I squeezed my arms around my legs, making an even tighter ball. Then slowly, very slowly, I felt something that surprised me. I was calming down. I was separating from the fear. I was moving past fear into a quiet resolve. I rose and walked to the door. I unlocked it.

Ava was still screaming as I opened the door, her face flushed red. Seeing me didn’t bring her any relief. I grabbed her arm and brought her into my apartment. I saw no weapon but then again I wasn’t looking for one. In truth, she could have been armed, and I would not have noticed or really cared. I was on another plane. The fear had broken and given way to pure anger and an eerie stillness. I was controlled and determined. Once we were in the room together, I adjusted my grip on her body to hold her shoulder firmly with my left hand, and her hair at the back of her head with my right hand.
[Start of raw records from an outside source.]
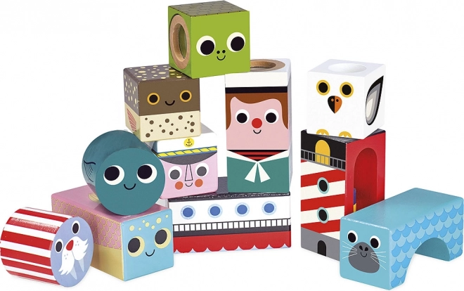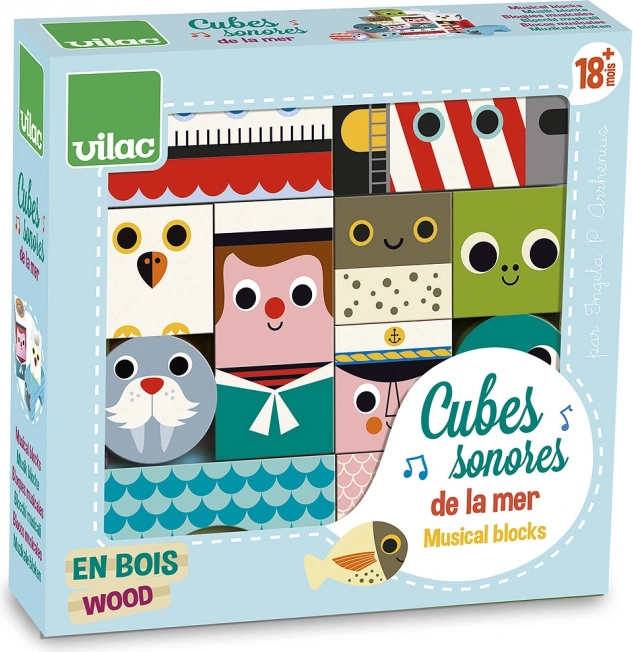 Sensoryczne drewniane klocki z morskimi motywami przynoszą dzieciom radość z odkrywania kształtów, kolorów i dźwięków. Podczas potrząsania i budowania dzieci ćwiczą chwyt, koordynację i koncentrację, a różne elementy dźwiękowe wspierają ich słuch. Ilustracje Ingeli P. Arrhenius nadają zestawowi wyjątkowy retro charakter i figlarny styl.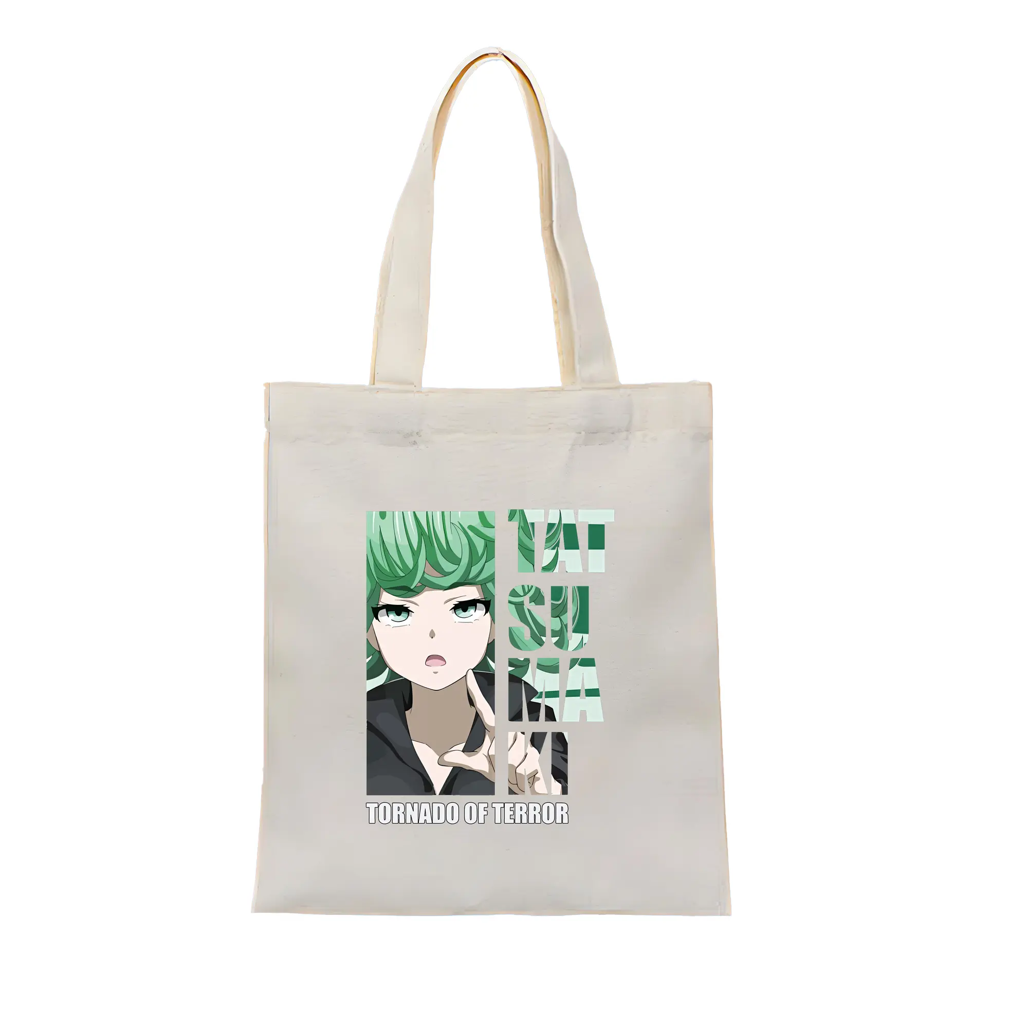 ワンパンマン グッズ 戦慄のタツマキ - 縦型キャンバス手提げバッグ(トートバッグ) ・ キャンバス素材 ・ ショッピング用 ・ 軽量 丈夫 お手入れ簡単
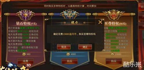 特权卡是独立在贵族之外的特权,有三种级别,分别是钻石、王者、至尊,等级越高,官方附赠的福利就越多,如果想要称霸全服的话,这个特权是绝对少不了的。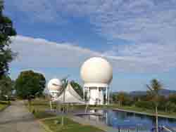 三亚中科院遥感研究所内分布着多个球状卫星信号接收天线
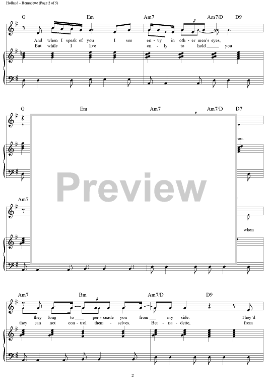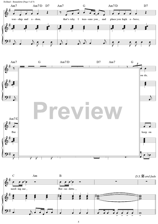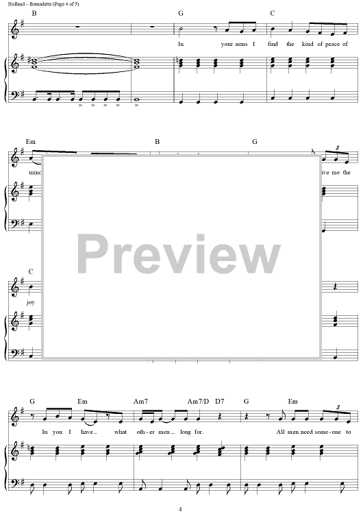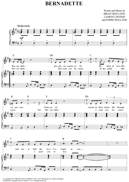 Digital Sheet Music for Bernadette by Four Tops, Lamont Dozier, Brian Holland, Eddie Holland scored for Piano/Vocal/Chords; id:364043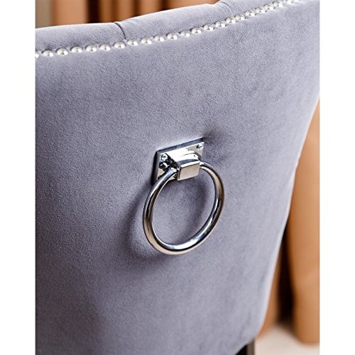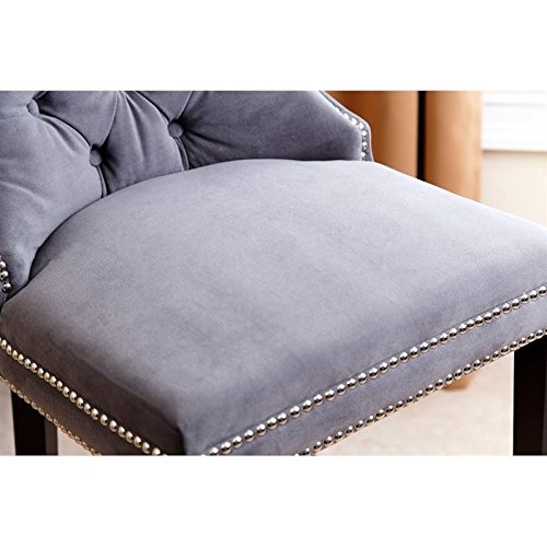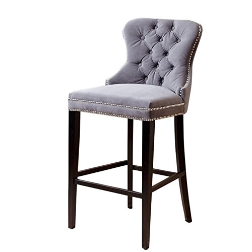 Features: Solid birch wood legs; Silver nailhead trimmings; Silver Handle on back of Bar Stool; Grey Hardwood Frame; Birch Wood Legs; Velvet Polyester Espresso 21 inches wide x 23 inches deep x 45 inches high Seat Height: 30 inches high. Specificatio...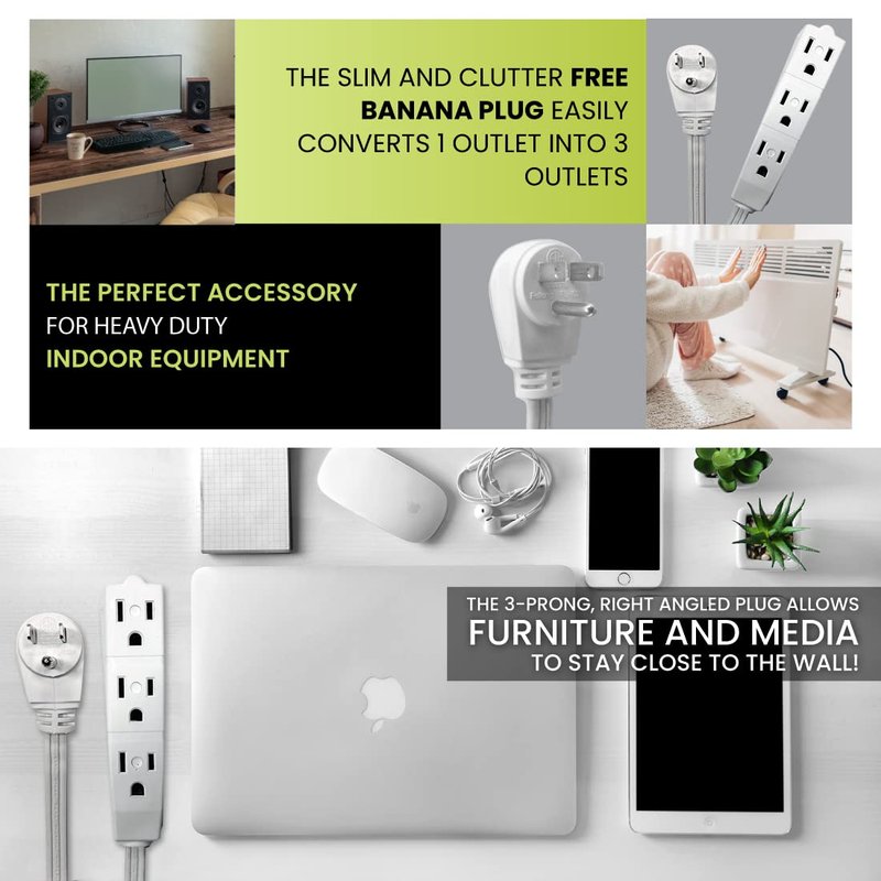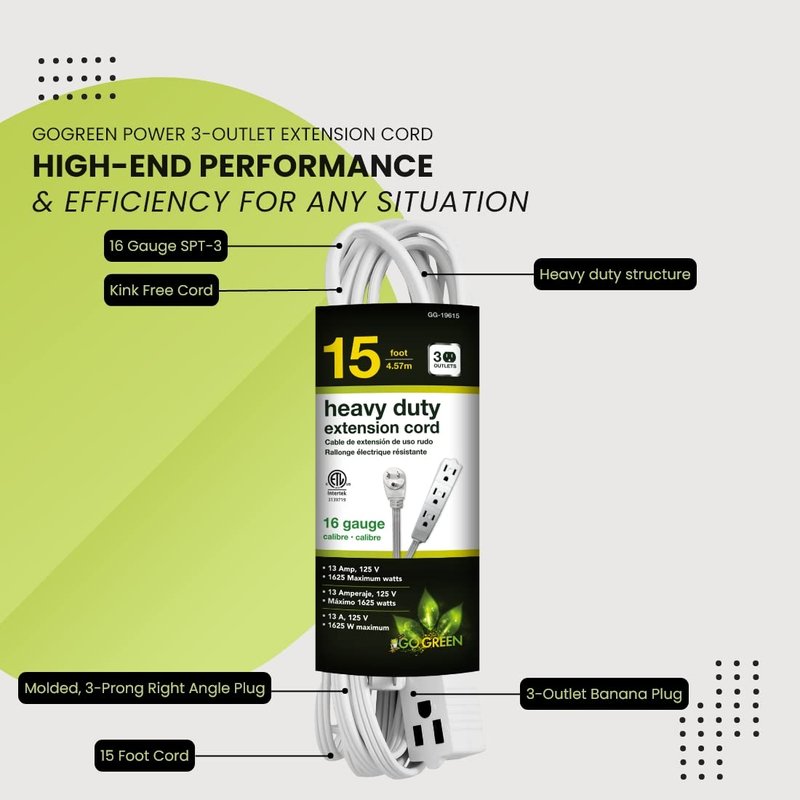 Go Green Power 15' Extension Cord, 3-Outlet, 16 AWG, White (GG-19615)

Her screaming continued but I was no longer hearing words, just a cacophony of high-pitched sound. I walked her over to the lone brick wall in the apartment.

I slammed her head against the brick wall. Months and months of fury rippled throughout me and gave me an almost superhuman strength. But I was also surprisingly calm. I slammed her head against the wall with a metronomic consistency. Clumps of hair and bits of skin and brain matter stuck to the brick. Blood formed on the wall and then began dribbling to the floor.

The screaming had stopped, of course.

I remained calm. I was released from fear and anger. I wasn’t glad or relieved or filled with satisfaction. I felt nothing. I let go of her and the body slid to the floor.

Dead.

I stood still. My eyes closed. There was silence. Sweet silence. I was numb. Then I heard a faint cry . . . a whimper, really. I couldn’t tell where it was coming from. My eyes flashed open. My breathing was rapid and shallow. My stomach convulsed in a dry heave. I was sweating and shaking uncontrollably. My body was revolting.

It was only then that I realized I was still tightly wrapped in a ball on the floor at the foot of my bed. I looked at the brick wall. No blood. Ava’s body wasn’t in a heap on the floor.

It didn’t happen.

Thank God. Oh, thank God, I didn’t do that. It was a dream—but it wasn’t, it couldn’t have been. I wasn’t sleeping; I was more awake than ever, and feeling every particle of anger and dread. How then could I explain what I had seen? What I had done? Ava was still outside my door in the hall. I could hear her. But something was different. Something had changed. And it wasn’t just me.

I began to recognize other voices in the hall. I stood up, but immediately felt sharp pains streak through my body: my legs, arms, neck, back, head—everywhere. I’d been holding myself so tightly that I was cramping. I breathed through the pain and made my way to the door to listen.

The police were in the hall. Her vitriol was now distress. I heard two strains I had never heard in her voice before: defeat and surrender.

The police took her away without ever knocking on my door. A couple of neighbors had called about the disturbance and told the NYPD that she was not a tenant. That was all the police needed to remove her from the premises as a trespasser. The last thing I heard from Ava as the elevator door was closing was a deep, mournful wailing, like a mortally wounded animal.

Nothing happened in that apartment, but everything had changed. I understood clearly, without question, that I was capable of taking a life. I understood that given the right pressures and circumstances, I was capable of anything. I think that’s true of all of us.

I understood the fragility of everything we think is solid and true. That was humbling. It shook me to my core.

I never saw Ava again.

When I heard many years later that she had died, I hoped she had eventually found some peace.